Aim of the task:
Using the listing below, output only the lines from the one that contains "Ein Art-Deco-Muster, das" through the one that contains "Ended Jul 28", inclusive, exactly as given and without images.

Material for this task: Begin

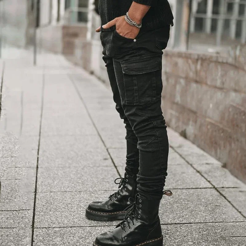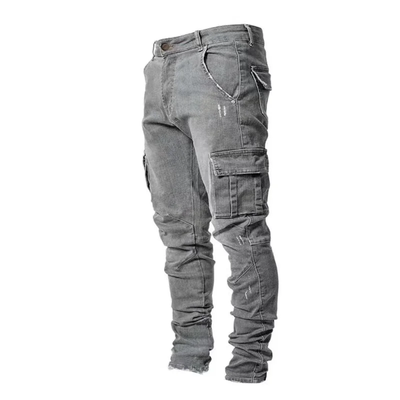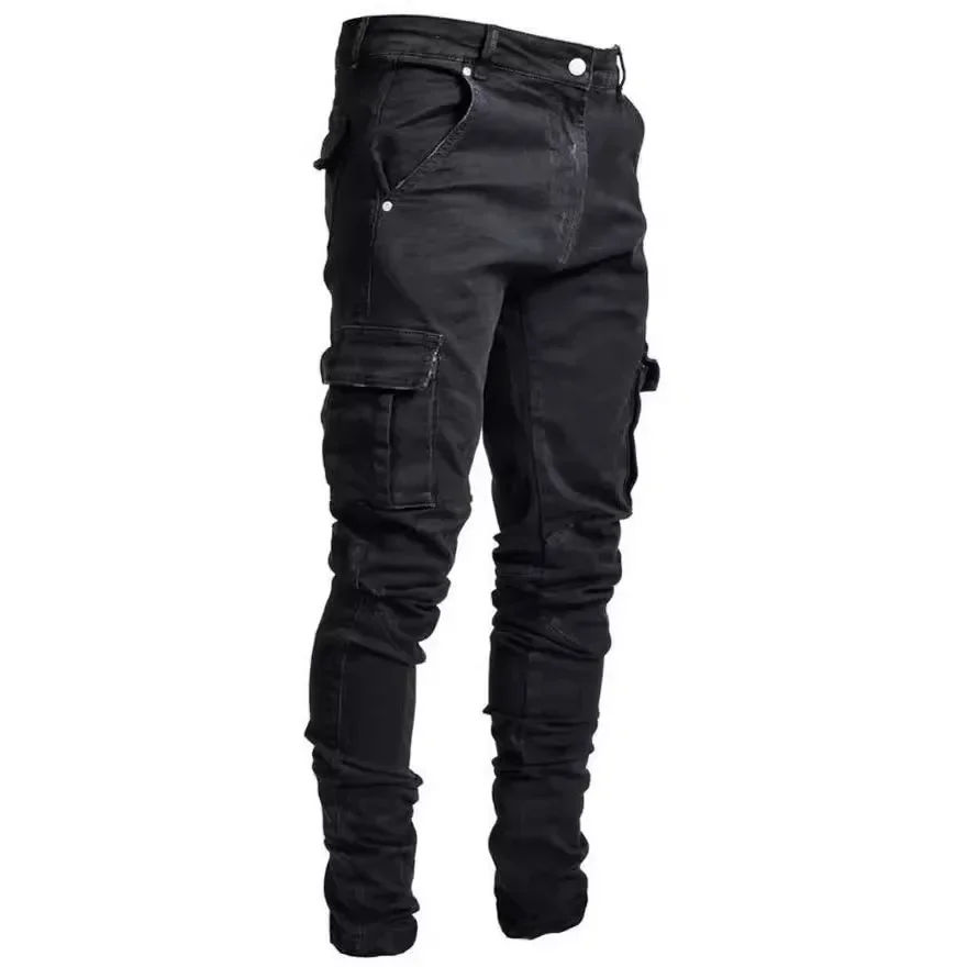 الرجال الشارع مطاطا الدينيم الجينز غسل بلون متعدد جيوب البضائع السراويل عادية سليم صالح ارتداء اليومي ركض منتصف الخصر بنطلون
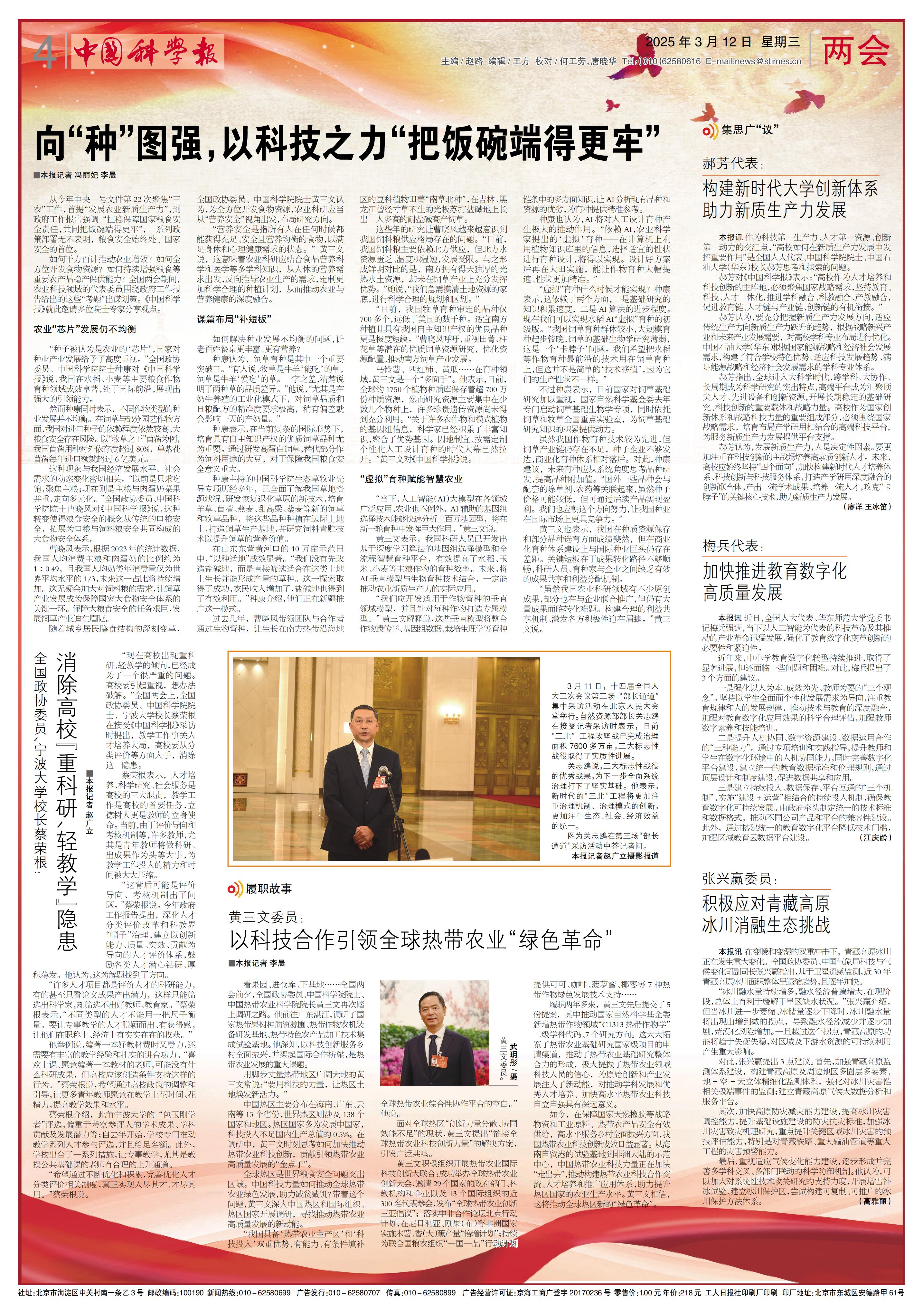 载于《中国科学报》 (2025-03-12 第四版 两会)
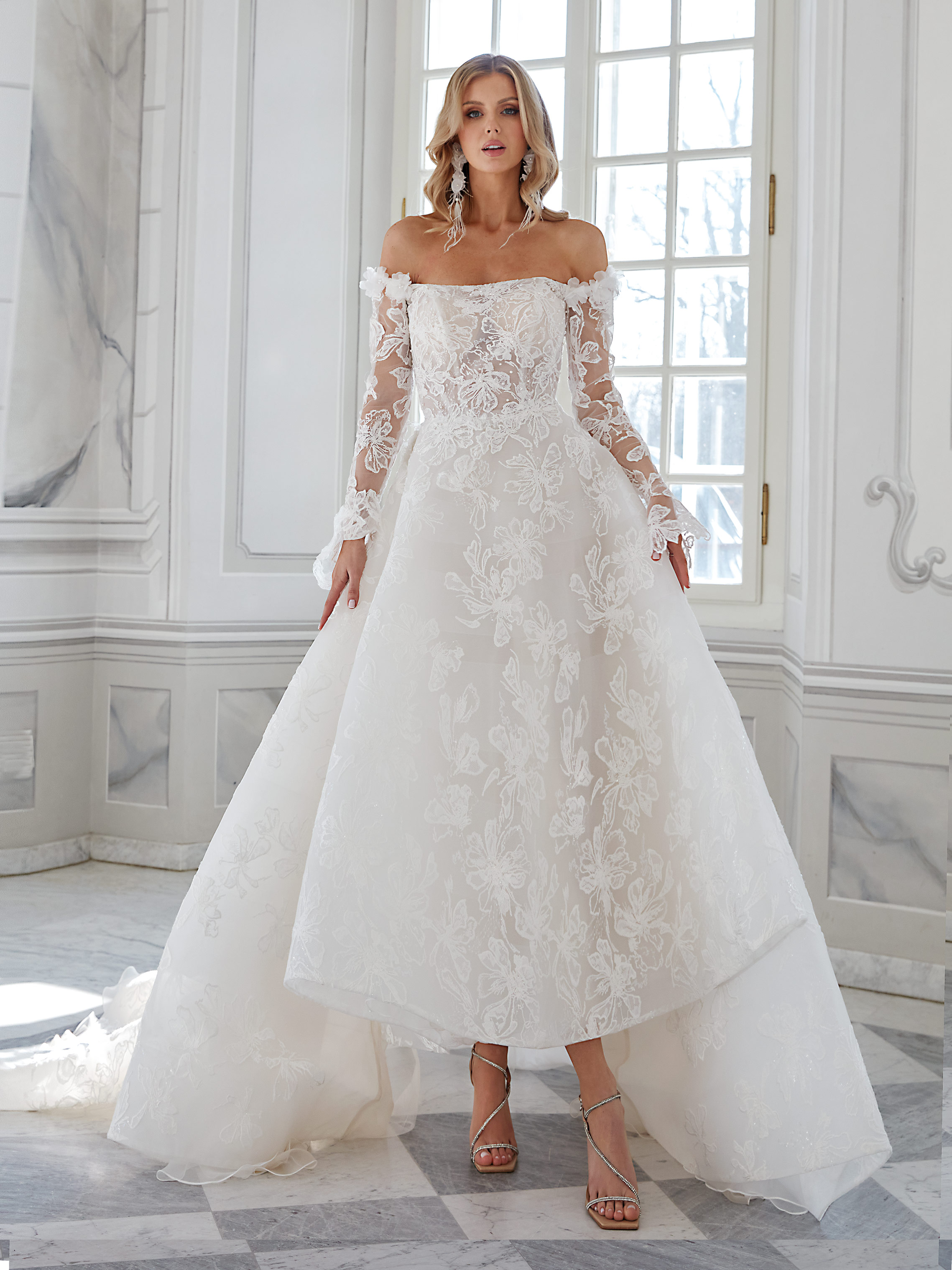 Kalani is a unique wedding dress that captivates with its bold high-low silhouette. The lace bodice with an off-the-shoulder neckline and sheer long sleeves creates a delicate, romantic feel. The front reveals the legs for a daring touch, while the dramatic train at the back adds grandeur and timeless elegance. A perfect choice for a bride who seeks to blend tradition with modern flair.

Material for this task: End
Material for this task: Begin

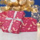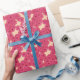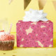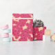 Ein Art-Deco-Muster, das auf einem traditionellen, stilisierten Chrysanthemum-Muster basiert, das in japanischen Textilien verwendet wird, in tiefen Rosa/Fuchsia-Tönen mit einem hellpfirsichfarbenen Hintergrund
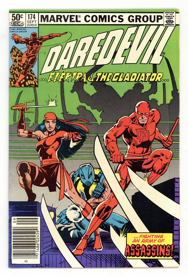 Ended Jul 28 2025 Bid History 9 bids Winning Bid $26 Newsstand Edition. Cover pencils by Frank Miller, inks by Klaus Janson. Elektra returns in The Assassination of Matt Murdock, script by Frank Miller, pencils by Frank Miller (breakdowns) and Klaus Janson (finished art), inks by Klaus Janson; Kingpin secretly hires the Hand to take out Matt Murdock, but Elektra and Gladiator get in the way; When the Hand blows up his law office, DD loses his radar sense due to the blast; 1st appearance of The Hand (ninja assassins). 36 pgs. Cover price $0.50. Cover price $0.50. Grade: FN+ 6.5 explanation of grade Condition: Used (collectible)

Material for this task: End

Task answer:
 Ein Art-Deco-Muster, das auf einem traditionellen, stilisierten Chrysanthemum-Muster basiert, das in japanischen Textilien verwendet wird, in tiefen Rosa/Fuchsia-Tönen mit einem hellpfirsichfarbenen Hintergrund
 Ended Jul 28 2025 Bid History 9 bids Winning Bid $26 Newsstand Edition. Cover pencils by Frank Miller, inks by Klaus Janson. Elektra returns in The Assassination of Matt Murdock, script by Frank Miller, pencils by Frank Miller (breakdowns) and Klaus Janson (finished art), inks by Klaus Janson; Kingpin secretly hires the Hand to take out Matt Murdock, but Elektra and Gladiator get in the way; When the Hand blows up his law office, DD loses his radar sense due to the blast; 1st appearance of The Hand (ninja assassins). 36 pgs. Cover price $0.50. Cover price $0.50. Grade: FN+ 6.5 explanation of grade Condition: Used (collectible)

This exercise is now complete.